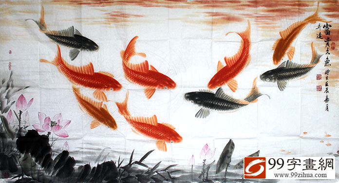 作为99字画网签约的知名国画鱼名家,周升达先生是我所熟悉的,欣赏周升达先生的国画鱼,绝对是一场让人心旷神怡的美的盛宴,周先生对画鱼情有独钟。他笔下的鱼,挥洒自如,一气呵成线条流畅、色泽浓淡相宜,精美绝伦,气韵生动,展现了中国国画的精髓所在。
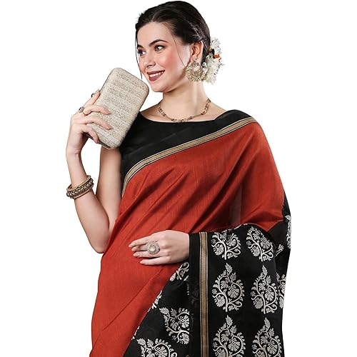 Saree Color : Rust | Blouse Colour : Black Saree Fabric : Bhagalpuri Silk | Blouse Fabric : Bhagalpuri Silk Saree Pattern : Bagh | Blouse Pattern : Solid Saree Length: Saree- 5.5 || Blouse Piece Length: 0.8 Mtr Package Contains :- 1 Saree with 1 unst… read more
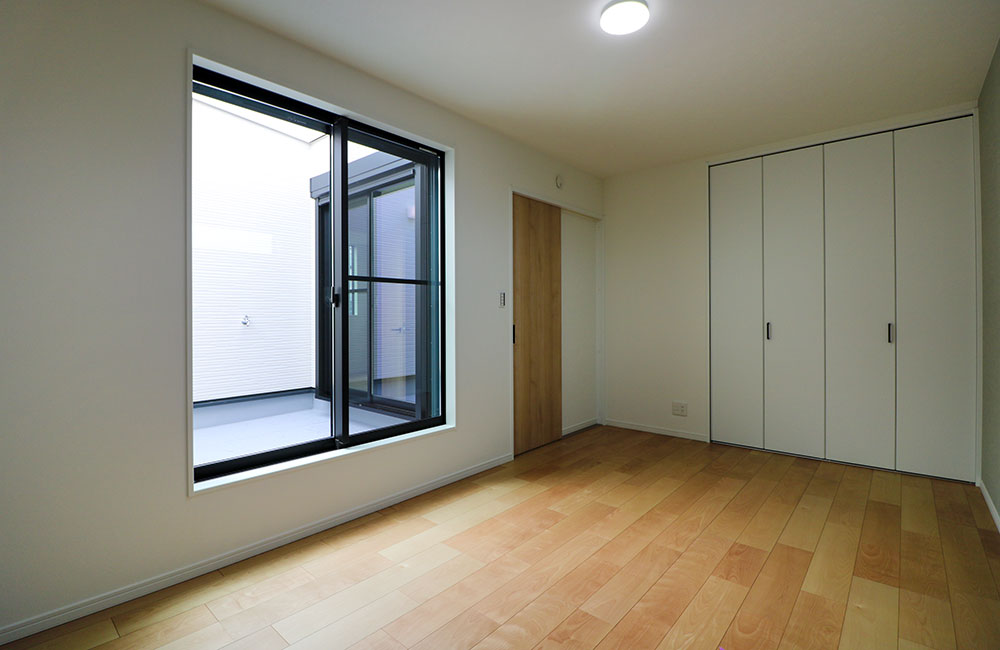 3階のバルコニーに面した7.5帖の広めのお部屋。外から見えないバルコニーなので、人目を気にせず開け放しにでき、さらに開放感を味わえます。主寝室として使えば、夜は夫婦でビールを飲みながらお月見を。ファミリールームとして使えば、窓を開けてバルコニーをプレイルームとして子どもを遊ばせたりもできますね。暮らしながら、色々な楽しみ方をみつけてください。
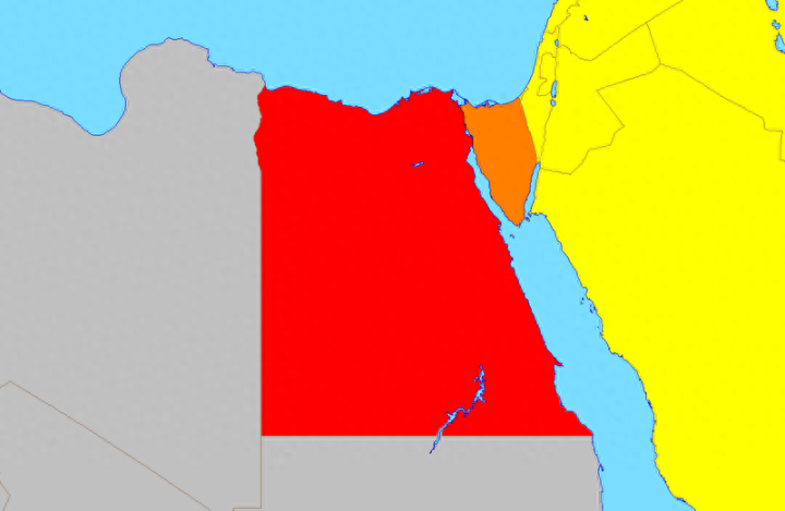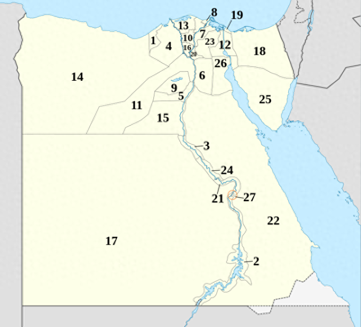 埃及全国共有27省。西奈半岛主体被分为北西奈省(下图18)和南西奈省(下图25)两省。
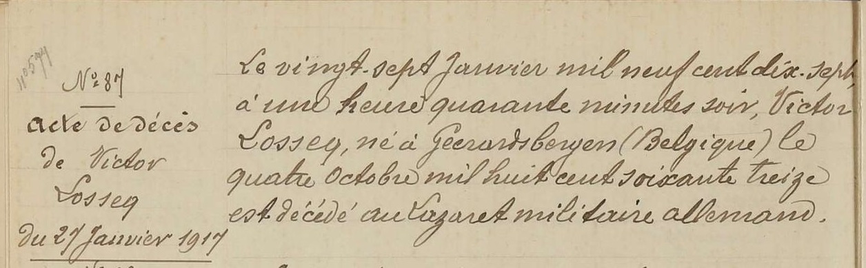 Overlijdensakte (Bron: Archives départementales de
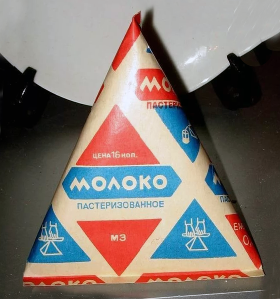 В начале 60-х в Союз пришла новая молочная упаковка – «Tetra Pack» в форме «пирамидка». В такой таре донести купленное молоко до дома было тоже проблематично. Причина? Низкое качество упаковки, а также небрежное обращение с ней со стороны грузчиков и работников торговых точек. Бывало так, что на прилавки магазинов многие молочные «пирамидки» попадали уже худыми. Но это-то ладно. Хуже было когда купишь молоко в такой упаковке, а оно у тебя в сумку протечет. Таким образом лишаешься и молока и все остальное, что в той сумке лежало может быть испорчено.
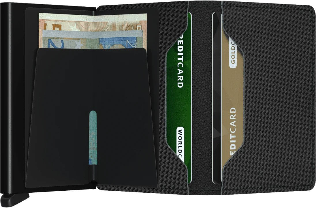 Grâce à son profil fin, le portefeuille mince se glisse parfaitement dans toutes les poches. L'ouverture extérieure est très large pour accueillir les cartes, les billets et les reçus. Le mécanisme "Cardprotector" vous permet de faire glisser les cartes d'un simple mouvement, tandis que l'aluminium protège vos cartes contre la flexion, la rupture et les communications sans fil indésirables.
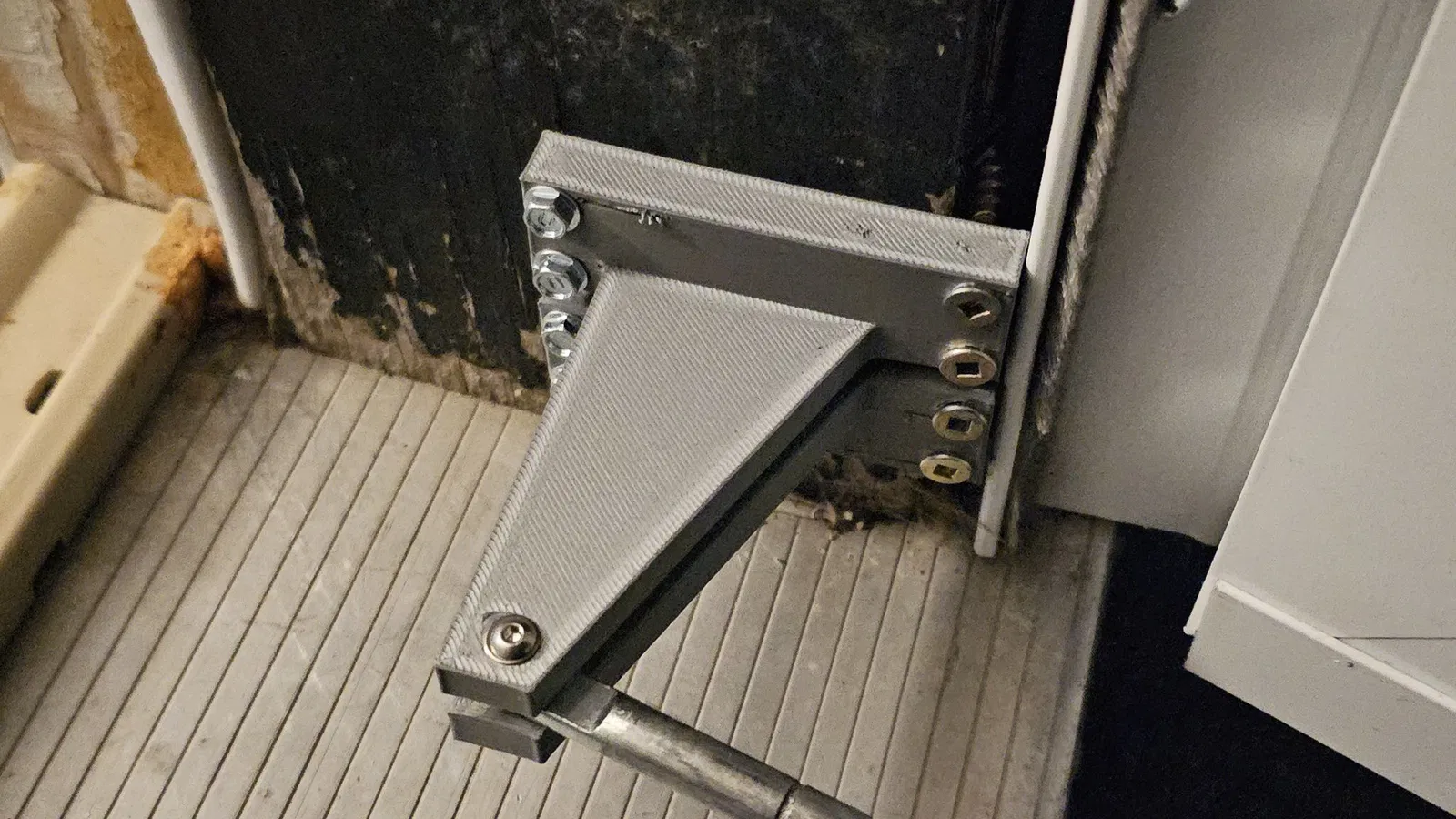 Đây là một thiết kế hai mảnh để tối đa hóa sức mạnh. In theo hướng như đã chỉ ra để các lực tác động lên giá đỡ không nằm trên các đường lớp.
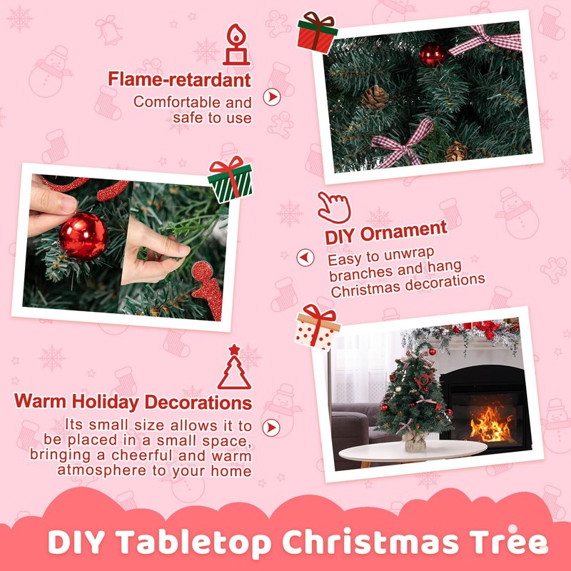 - 【Lighted Tabletop Christmas Tree】This 24inch tabletop Christmas tree has a realistic appearance and branches, giving you the most intuitive feeling of Christmas. Besides, the warm white string light with a built-in timer can be freely installed to give a luminous effect that fits your needs.
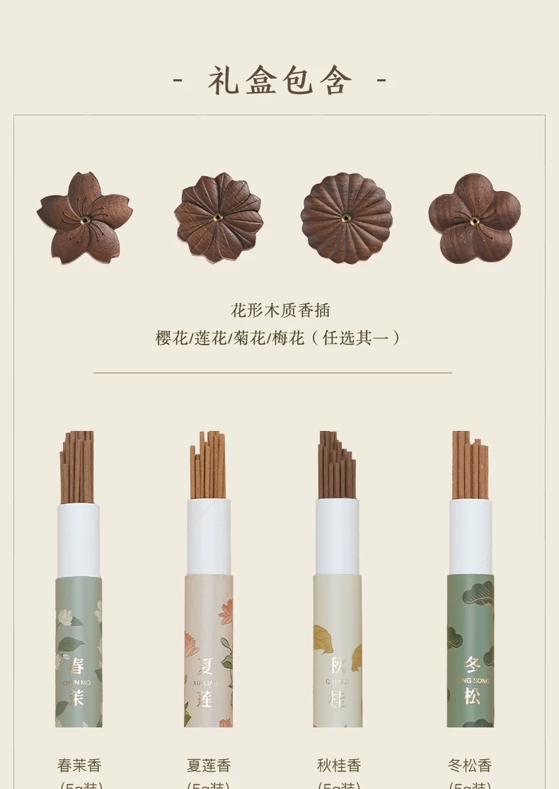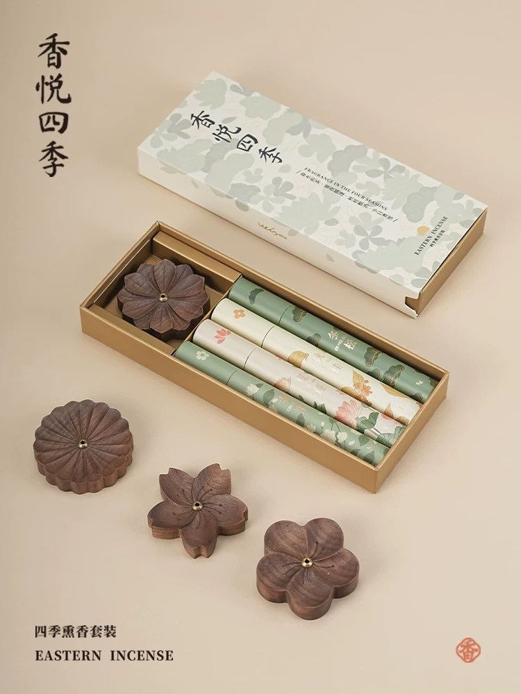 【香悦四季熏香套装】黑胡桃木香座香托中式天然线香香薰礼盒
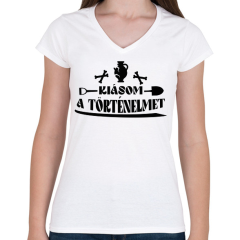 1 kép PRINTFASHION Kiásom a történelmet - Női V-nyakú póló - Fehér
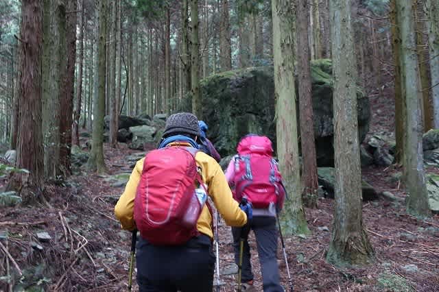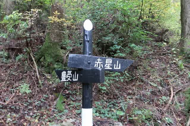 前回疲れた足で急な下り坂が堪えた豊受山への分岐を、右に曲がって赤星山方面へと向かいます。
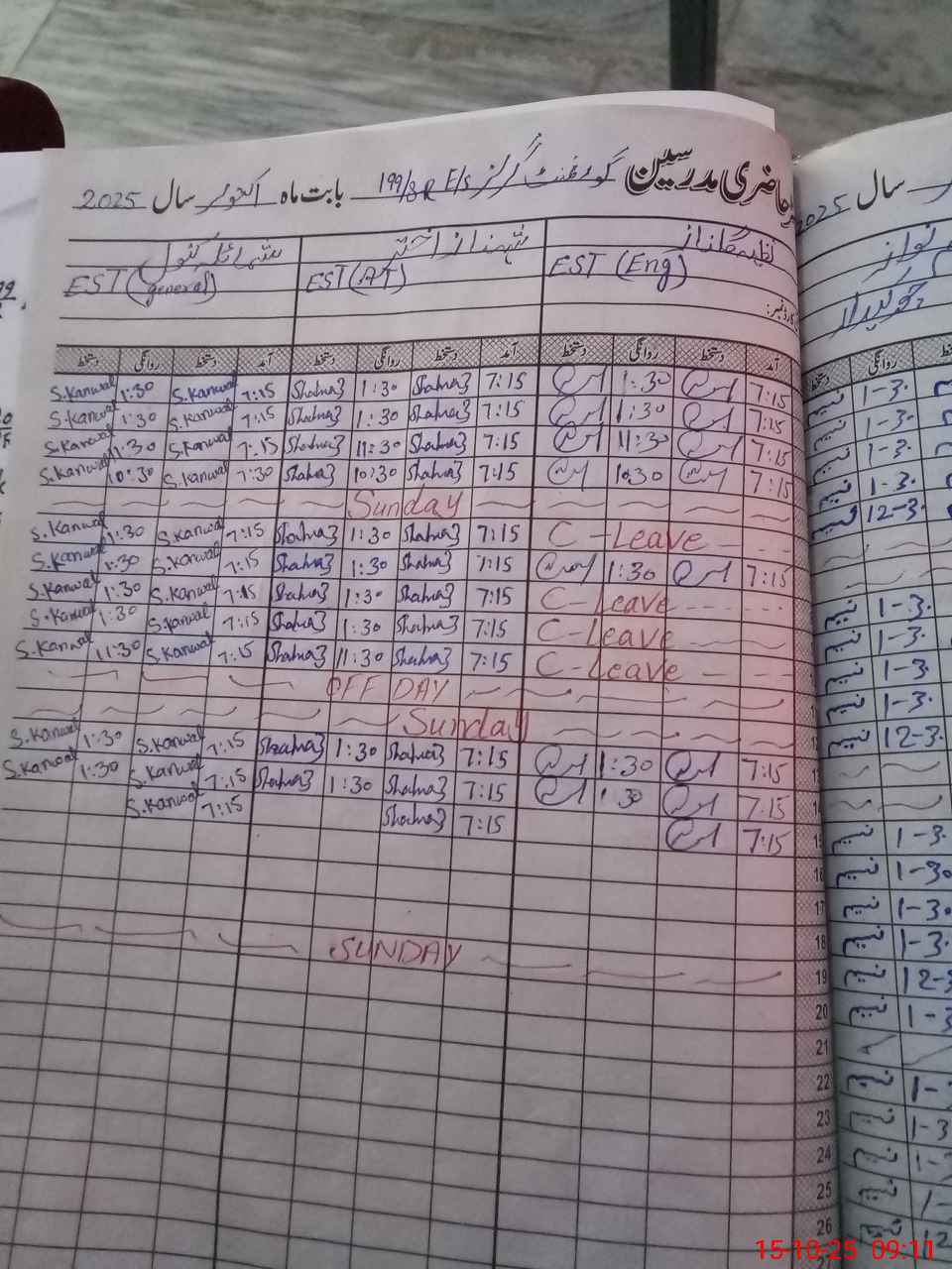 | CNIC | Full Name | Designation | R/C | Absence During Last Calender Month |

**What needs to be done**.
Extract, verbatim and alone, the lines from the line that contains "- 【Lighted Tabletop" to the last line of the records, inclusive; drop any picture.

**Result of this exercise**.
 - 【Lighted Tabletop Christmas Tree】This 24inch tabletop Christmas tree has a realistic appearance and branches, giving you the most intuitive feeling of Christmas. Besides, the warm white string light with a built-in timer can be freely installed to give a luminous effect that fits your needs.
 【香悦四季熏香套装】黑胡桃木香座香托中式天然线香香薰礼盒
 1 kép PRINTFASHION Kiásom a történelmet - Női V-nyakú póló - Fehér
 前回疲れた足で急な下り坂が堪えた豊受山への分岐を、右に曲がって赤星山方面へと向かいます。
 | CNIC | Full Name | Designation | R/C | Absence During Last Calender Month |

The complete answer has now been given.